Here is the first version he posted, last June:

And then here is the version he posted a few months later:

Now I am not going to talk about the translation quality (I only have a little bit of Japanese under my belt, not enough to follow along with something like this!), or about the voices themselves and how close they are to Cartman, Stan, and Kyle. But whether you speak Japanese or not, you can see the biggest difference between the two videos: how well the sync-up is between lip movement of the cartoon characters and the words. Would this be a factor to consider in localization?

Looking at another Japanese version, like this one without good sync but with Japanese subtitles:

Now the queston to ponder: this can't have too much to do with suspension of disbelief since obviously these are cartoons and the voices are faked anyway. So what exactly does having the lip sync seem more real give us? And personally I find the subtitles distracting even though I have an easier time following along with my meager Japanese skills!

Of course I have trouble judging the quality of the Matt and Trey-provided translations in this other song from the movie, though I suspect that they are not accurate (those guys are mainly going for the sound, and it would be more in character for Cartman if they were incorrect!).

Thinking back to all of the foreign films I have seen and all of the dubbed TV outside of the US, there is not a whole lot of time spent trying to get the lip syncing to be perfect. Yet I don't find that to be as distracting. Am I really asking for more reality from cartoon characters than I am of actual people?
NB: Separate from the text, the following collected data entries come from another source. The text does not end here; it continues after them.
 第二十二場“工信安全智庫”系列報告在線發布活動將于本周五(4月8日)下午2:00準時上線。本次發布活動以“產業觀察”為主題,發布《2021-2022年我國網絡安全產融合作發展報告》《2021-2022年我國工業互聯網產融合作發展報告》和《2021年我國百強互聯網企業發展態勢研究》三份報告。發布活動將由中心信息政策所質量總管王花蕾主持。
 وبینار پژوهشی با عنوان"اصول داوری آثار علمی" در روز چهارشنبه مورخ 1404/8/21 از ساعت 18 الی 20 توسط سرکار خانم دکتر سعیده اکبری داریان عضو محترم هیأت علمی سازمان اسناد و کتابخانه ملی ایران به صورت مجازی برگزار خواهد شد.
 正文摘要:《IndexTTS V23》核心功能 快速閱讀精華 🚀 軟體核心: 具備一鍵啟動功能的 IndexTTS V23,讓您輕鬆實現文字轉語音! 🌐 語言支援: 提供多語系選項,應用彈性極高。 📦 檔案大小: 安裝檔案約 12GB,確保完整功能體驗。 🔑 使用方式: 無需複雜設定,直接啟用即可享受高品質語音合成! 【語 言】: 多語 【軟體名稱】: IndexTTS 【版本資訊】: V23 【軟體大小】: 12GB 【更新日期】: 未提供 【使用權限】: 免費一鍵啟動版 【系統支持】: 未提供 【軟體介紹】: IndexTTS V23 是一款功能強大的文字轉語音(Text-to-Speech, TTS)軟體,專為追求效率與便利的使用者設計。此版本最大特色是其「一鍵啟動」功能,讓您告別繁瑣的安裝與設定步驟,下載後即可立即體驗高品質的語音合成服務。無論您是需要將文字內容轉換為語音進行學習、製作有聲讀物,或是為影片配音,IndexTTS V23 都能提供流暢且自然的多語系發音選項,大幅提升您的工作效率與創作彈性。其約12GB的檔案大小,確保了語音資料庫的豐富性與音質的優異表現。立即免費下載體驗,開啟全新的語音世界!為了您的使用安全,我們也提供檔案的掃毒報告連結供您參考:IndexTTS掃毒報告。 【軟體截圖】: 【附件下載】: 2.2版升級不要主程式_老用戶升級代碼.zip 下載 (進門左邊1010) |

And then to bring it back to software, assuming that someone using a localized product did not need to read a bit of text that was clipped (meaning that there is no actual technical loss for them), does such clipping translate into the same kind of perception of quality issue? And would it be as annoying as the cartoon case, or as ignorable as the non-cartoon fiction case?

Random thoughts on sunday afternoon....

 

This post brought to you by (U+30a4, a.k.a. KATAKANA LETTER I)
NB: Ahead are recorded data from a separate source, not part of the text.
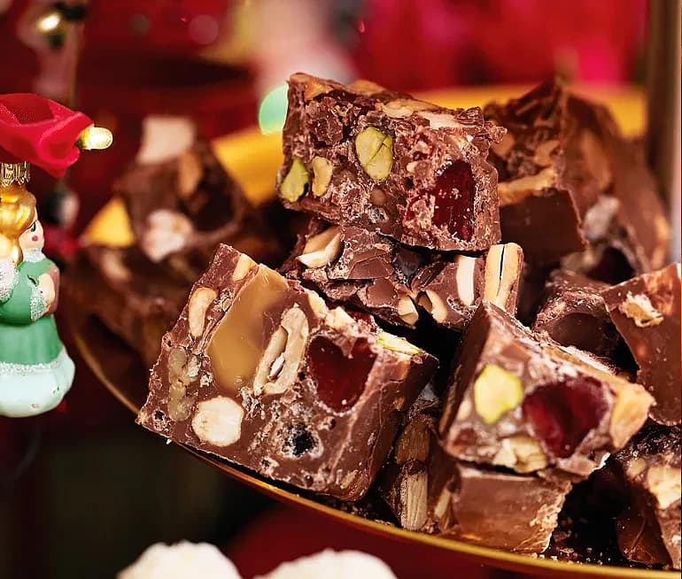 Svampravioli med krämig vitvinssås, rostade pinjenötter, ruccola och svart tryffel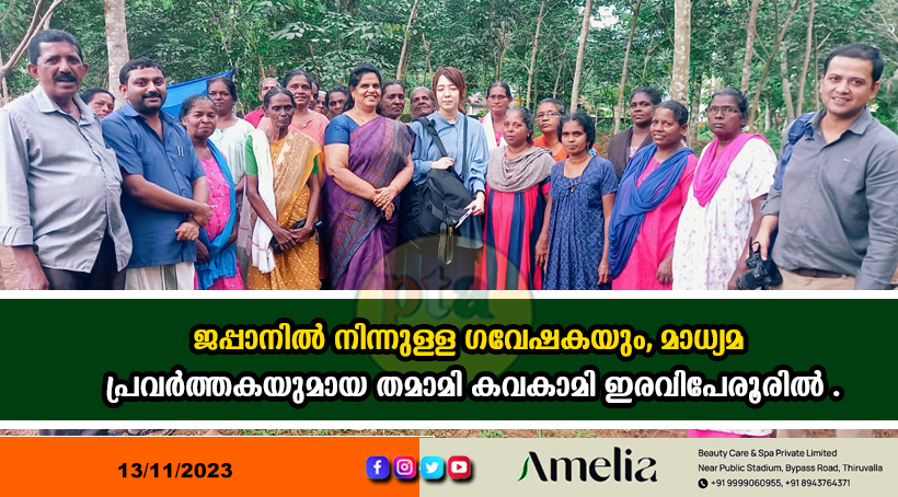 ഫോട്ടോ: ജപ്പാനിൽ നിന്നുള്ള ഗവേഷകയും മാധ്യമ പ്രവർത്തകയുമായ തമാമി കവകാമി ഇരവിപേരൂർ പഞ്ചായത്തിലെ തൊഴിലുറപ്പ് പ്രവർത്തനങ്ങൾ നേരിൽ സന്ദർശിച്ചപ്പോൾ. പഞ്ചായത്ത് വൈസ് പ്രസിഡന്റ് സാലി ജേക്കബി, പൊതു പ്രവർത്തകനായ സുബിൻ നീറുംപ്ലാക്കൽ എന്നിവർ സമീപം.
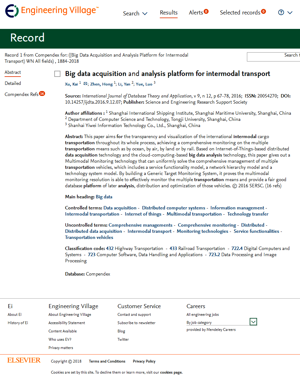 已发表的航运物流大数据论文EI检索收录证明

# Mihai on 8 Jan 2007 1:26 PM:

<<And personally I find the subtitles distracting>>

I think this has to do with training/being used to it. Growing up with subtitles (nothing was dubbed), I am used to hear the original soundtrack and read the translation. In fact, I find it disturbing to see a movie where I hear the Terminator speaking French, for instance :-) And with dubbing quality is lost (a big chunk of the actor's performance is the voice and how the lines are delivered)

<<And then to bring it back to software, assuming that someone using a localized product did not need to read a bit of text that was clipped>>

It depends. If the clipping is visible, then the quality feels bad, no matter what. Imagine a dialog with 5 labels and 5 input fields, the usual grid format with 2 columns. And 4 labels out of 5 have ':' at the end, one does not. It "feels" bad.
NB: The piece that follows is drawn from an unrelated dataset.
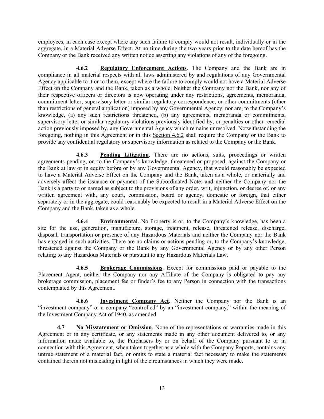 13 employees, in each case except where any such failure to comply would not result, individually or in the aggregate, in a Material Adverse Effect. At no time during the two years prior to the date hereof has the Company or the Bank received any written notice asserting any violations of any of the foregoing. 4.6.2 Regulatory Enforcement Actions. The Company and the Bank are in compliance in all material respects with all laws administered by and regulations of any Governmental Agency applicable to it or to them, except where the failure to comply would not have a Material Adverse Effect on the Company and the Bank, taken as a whole. Neither the Company nor the Bank, nor any of their respective officers or directors is now operating under any restrictions, agreements, memoranda, commitment letter, supervisory letter or similar regulatory correspondence, or other commitments (other than restrictions of general application) imposed by any Governmental Agency, nor are, to the Company’s knowledge, (a) any such restrictions threatened, (b) any agreements, memoranda or commitments, supervisory letter or similar regulatory violations previously identified by, or penalties or other remedial action previously imposed by, any Governmental Agency which remains unresolved. Notwithstanding the foregoing, nothing in this Agreement or in this Section 4.6.2 shall require the Company or the Bank to provide any confidential regulatory or supervisory information as related to the Company or the Bank. 4.6.3 Pending Litigation. There are no actions, suits, proceedings or written agreements pending, or, to the Company’s knowledge, threatened or proposed, against the Company or the Bank at law or in equity before or by any Governmental Agency, that would reasonably be expected to have a Material Adverse Effect on the Company and the Bank, taken as a whole, or materially and adversely affect the issuance or payment of the Subordinated Note; and neither the Company nor the Bank is a party to or named as subject to the provisions of any order, writ, injunction, or decree of, or any written agreement with, any court, commission, board or agency, domestic or foreign, that either separately or in the aggregate, could reasonably be expected to result in a Material Adverse Effect on the Company and the Bank, taken as a whole. 4.6.4 Environmental. No Property is or, to the Company’s knowledge, has been a site for the use, generation, manufacture, storage, treatment, release, threatened release, discharge, disposal, transportation or presence of any Hazardous Materials and neither the Company nor the Bank has engaged in such activities. There are no claims or actions pending or, to the Company’s knowledge, threatened against the Company or the Bank by any Governmental Agency or by any other Person relating to any Hazardous Materials or pursuant to any Hazardous Materials Law. 4.6.5 Brokerage Commissions. Except for commissions paid or payable to the Placement Agent, neither the Company nor any Affiliate of the Company is obligated to pay any brokerage commission, placement fee or finder’s fee to any Person in connection with the transactions contemplated by this Agreement. 4.6.6 Investment Company Act. Neither the Company nor the Bank is an “investment company” or a company “controlled” by an “investment company,” within the meaning of the Investment Company Act of 1940, as amended. 4.7 No Misstatement or Omission. None of the representations or warranties made in this Agreement or in any certificate, or any statements made in any other document delivered to, or any information made available to, the Purchasers by or on behalf of the Company pursuant to or in connection with this Agreement, when taken together as a whole with the Company Reports, contains any untrue statement of a material fact, or omits to state a material fact necessary to make the statements contained therein not misleading in light of the circumstances in which they were made.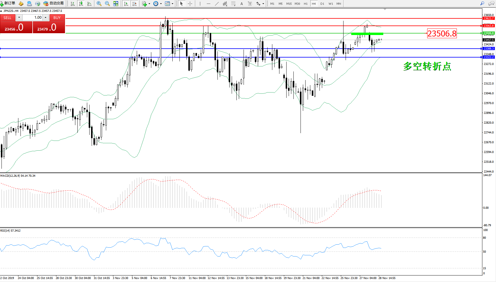日经225指数1128日(周四)收盘下跌35.27点,跌幅0.15%,报23402.50点。日本10月零售销售创逾四年半最大降幅,因上调消费税促使消费者削减支出,国内需求的力度亮起红灯。日本政府101日将消费税从8%上调至10%,希望借此解决该国庞大的公共债务负担。日本公共债务规模是国内生产总值(GDP)的两倍以上,债务负担是工业化国家中最重的;但一些分析师警告称,在面临出口和生产下滑的情况下,上调消费税可能导致经济失去增长动力。经济产业省周四公布的数据显示,日本10月零售销售较上年同期下降7.1%,受累于汽车和家电等大件商品以及服饰等需求疲弱。数据显示,百货店销售受挫尤其严重。这是自20153月下跌9.7%以来的最大跌幅,日本第三季经济增速为一年来最慢,10月出口创三年来最大降幅。经济黯淡状况激发对政府制定大规模支出计划的呼吁,以保持该国脆弱的经济复苏仍在正轨。一些分析师表示,受恶劣天气影响,10月零售销售状况尤其疲弱。当月日本中部和东部遭巨大台风袭击,加剧了消费税上调带来的负面影响。

The second thing is the target audience. Without putting people into drawers, the demands of different nations are different. What is good enough for a Chinese might be unacceptable for a Japanese. Germans seem to concentrate on the technical accuracy, while French seem to concentrate on the linguistic quality ("was written in my language" perception).

# ReallyEvilCanine on 10 Jan 2007 9:17 AM:

Avoid Germany. Not only are the dubs horrible, the voices are WRONG. So very, very wrong. And since they don't have the cultural references for many shows like, for instance, the Flintstones. Since Germans never saw the Honeymooners, they have no idea who Fred and Barney are supposed to be so they slapped them into the quickest cultural reference they could think of: Laurel & Hardy. The voices! The voices! Horrid! And the Simpsons? South Park? They're truly painful to listen to.

They've more or less butchered Scrubs as well. Germans don't understand sarcasm.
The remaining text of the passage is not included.